Hi Team,
I am trying to put together a model that can predict whether an article should be selected for publishing. We have lots of articles we write but only a handful are chosen for publishing. These are based on certain criteria such key words and the content of the paper. In terms of the data, I have a column with a list of articles content and another column indicating if the article was chosen for publishing (i.e. Yes/ No column). I would like to use machine learning to predict which papers are more likely to be selected for publishing based on what has been done in the past.
Any ideas if this can be done in Alteryx and how you would go about it? How would you set up the work flow?
Many Thanks
B
I think you should check out the Data Science Learning Path which covers the various models that are available in Alteryx.

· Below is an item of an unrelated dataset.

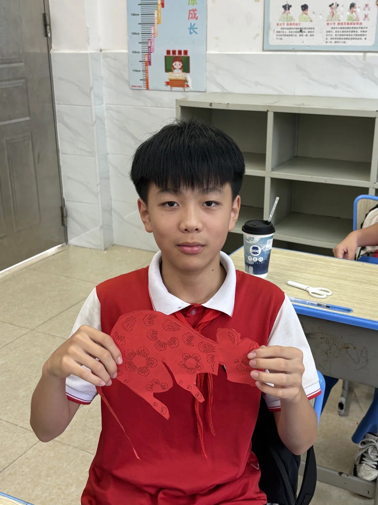 7月5日,在传统文化课堂上,漆扇与剪纸技艺成为同学们眼中的“魔法”。小老师们讲诉漆艺的历史渊源与制作技法,同学们聚精会神,随后亲手浸染漆扇,色彩斑斓、图案各异,创作出不同图案的漆扇作品。剪纸课堂同样精彩纷呈,红纸翻飞之间,窗花、生肖等图案跃然纸上,同学们在剪刀的起落中感受非遗之美,体悟文化之根,激发内心深处对中华优秀传统文化的认同与自豪。

https://community.alteryx.com/t5/Learning-Paths/Data-Science-Learning-Path/ta-p/504157
Dawn.
Shortest answer:
Given the lack of additional variables, for a single column you better just do a standard hypotheses testing on proportion.
Slightly short answer:
From what you have described, it's a classification problem, so just try all the model. Assume you have less than 1 million rows, it shouldn't take you long with just one feature column.
Long answer:
If you have more variables that can be used to predict, then ML models are likely to be more useful. Although you need to decide what question do you want to answer? Is this paper going to be published vs Why is this paper being published? Also given the low count of positive case (publication), there is more work to be done about sampling your data.